Data entries:

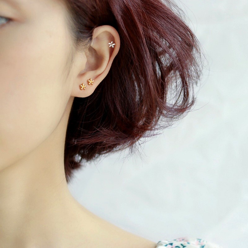 [YY] ต่างหูสตั๊ด แบบเกลียว รูปดอกไม้ ขนาดเล็ก สําหรับผู้หญิง
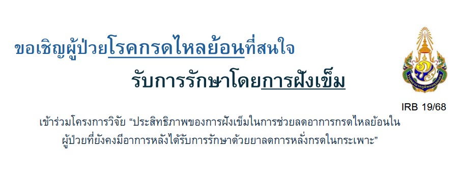 เข้าร่วมโครงการวิจัย "ประสิทธิภาพของการฝังเข็มในการช่วยลดอาการกรดไหลย้อนในผู้ป่วยที่ยังคงมีอาการหลังได้รับการรักษาด้วยยาลดการหลั่งกรดในกระเพาะ"
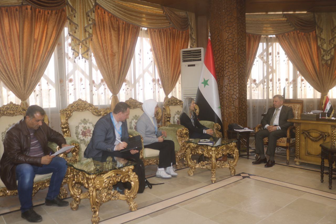 بحث السيد محافظ ديرالزور فاضل نجار مع وفد المفوضية السامية للأمم المتحدة لشؤون اللاجئين برئاسة نائب ممثل مكتب المفوضية بسورية ماريا ستافرو بولو والوفد المرافق ، المشاريع المشتركة و سبل تعزيز التعاون بين المحافظة والمفوضية ، مبيناً أهمية الدور الذي تقدمه المنظمات الدولية في المجال الإغاثي والإنساني داعيا إلى زيادة حجم المشاريع والإسهام الفاعل في سبيل تقديم كل ما يسهم في تخفيف معاناة الأهالي.
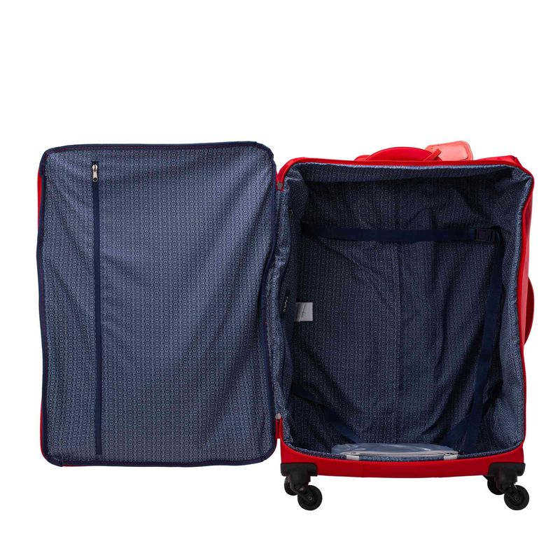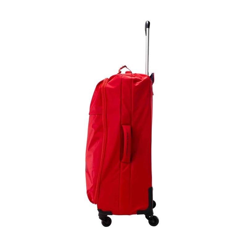 Esta línea de maletas, bolsos y accesorios de viaje está hecha en poliéster de 600D, material ligero, compacto y de gran durabilidad, que es repelente al agua y resistente a la humedad y a la abrasión. De cuerpo blando, es desetructurada, flexible y suave.
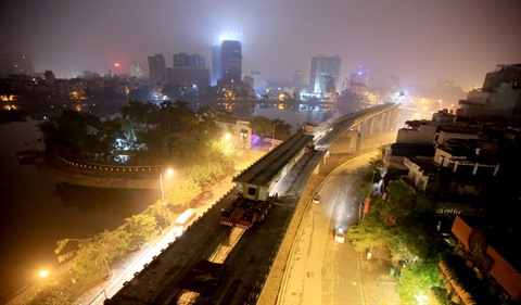 | Le chantier du projet de la ligne ferroviaire urbaine Cát Linh - Hà Dông, à Hanoï. |
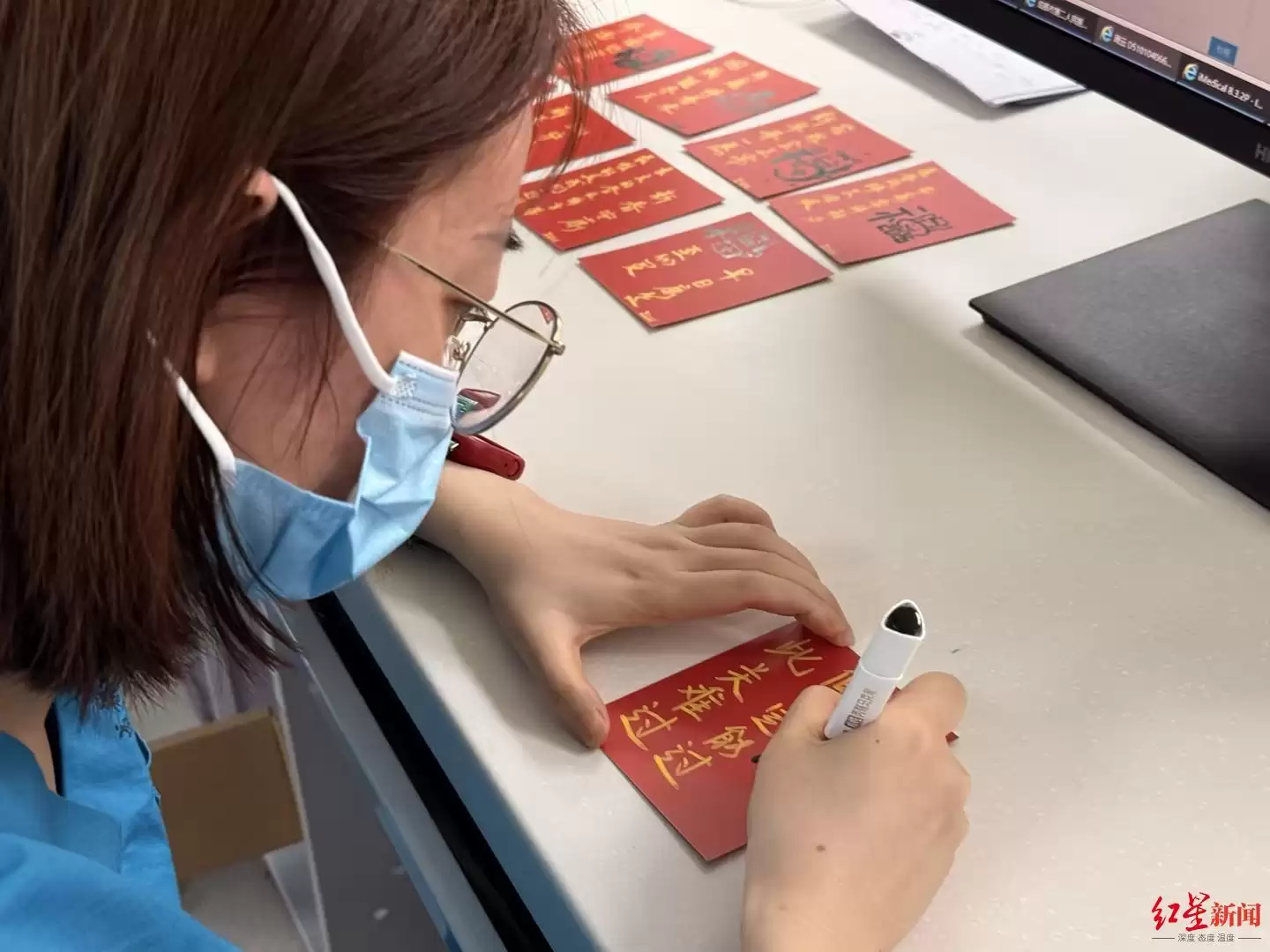 2月13日上午,四川大学附属成都市第二人民医院龙潭院区重症监护室(ICU)里,主治医师周云利用工作间隙,小心翼翼地用彩笔在一张张空白贺卡上勾勒。红色的“福”字旁,她写下一句句祝福语。今天,她和同事们
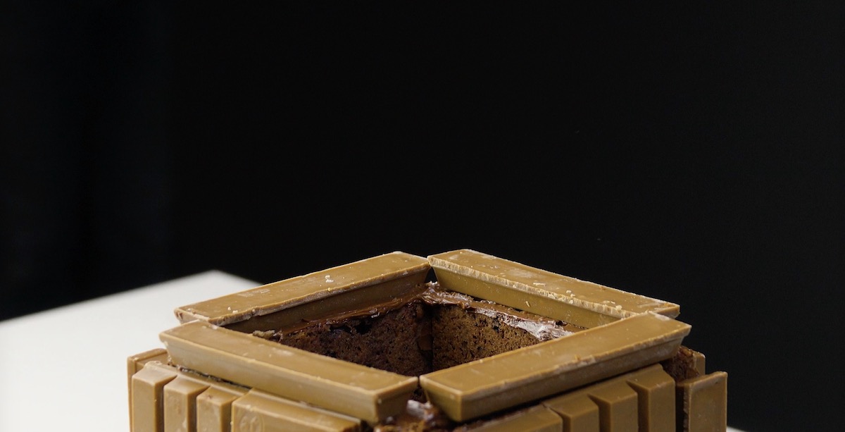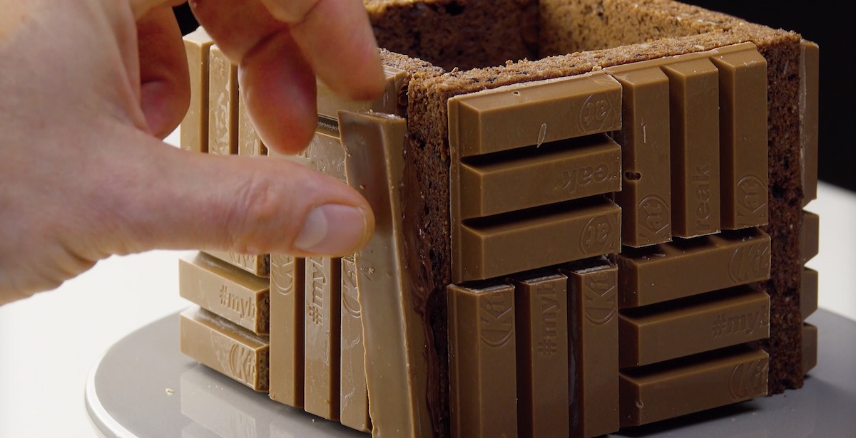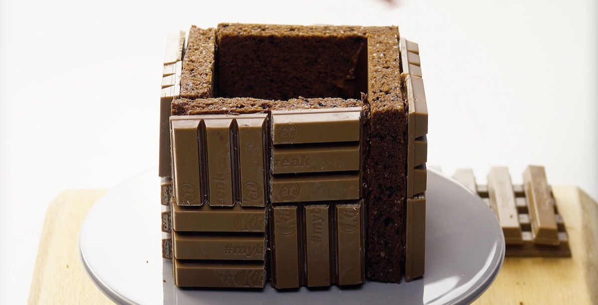 4) Préparez la crème au beurre au chocolat en mélangeant les ingrédients ensemble. Étalez-en sur 5 carrés de gâteau (sur le dessus) et placez deux blocs de KitKat coupés sur mesure.

> _Work request_
Produce the entries again, word for word, without any of their pictures.

> _Solution for this task_
 [YY] ต่างหูสตั๊ด แบบเกลียว รูปดอกไม้ ขนาดเล็ก สําหรับผู้หญิง
 เข้าร่วมโครงการวิจัย "ประสิทธิภาพของการฝังเข็มในการช่วยลดอาการกรดไหลย้อนในผู้ป่วยที่ยังคงมีอาการหลังได้รับการรักษาด้วยยาลดการหลั่งกรดในกระเพาะ"
 بحث السيد محافظ ديرالزور فاضل نجار مع وفد المفوضية السامية للأمم المتحدة لشؤون اللاجئين برئاسة نائب ممثل مكتب المفوضية بسورية ماريا ستافرو بولو والوفد المرافق ، المشاريع المشتركة و سبل تعزيز التعاون بين المحافظة والمفوضية ، مبيناً أهمية الدور الذي تقدمه المنظمات الدولية في المجال الإغاثي والإنساني داعيا إلى زيادة حجم المشاريع والإسهام الفاعل في سبيل تقديم كل ما يسهم في تخفيف معاناة الأهالي.
 Esta línea de maletas, bolsos y accesorios de viaje está hecha en poliéster de 600D, material ligero, compacto y de gran durabilidad, que es repelente al agua y resistente a la humedad y a la abrasión. De cuerpo blando, es desetructurada, flexible y suave.
 | Le chantier du projet de la ligne ferroviaire urbaine Cát Linh - Hà Dông, à Hanoï. |
 2月13日上午,四川大学附属成都市第二人民医院龙潭院区重症监护室(ICU)里,主治医师周云利用工作间隙,小心翼翼地用彩笔在一张张空白贺卡上勾勒。红色的“福”字旁,她写下一句句祝福语。今天,她和同事们
 4) Préparez la crème au beurre au chocolat en mélangeant les ingrédients ensemble. Étalez-en sur 5 carrés de gâteau (sur le dessus) et placez deux blocs de KitKat coupés sur mesure.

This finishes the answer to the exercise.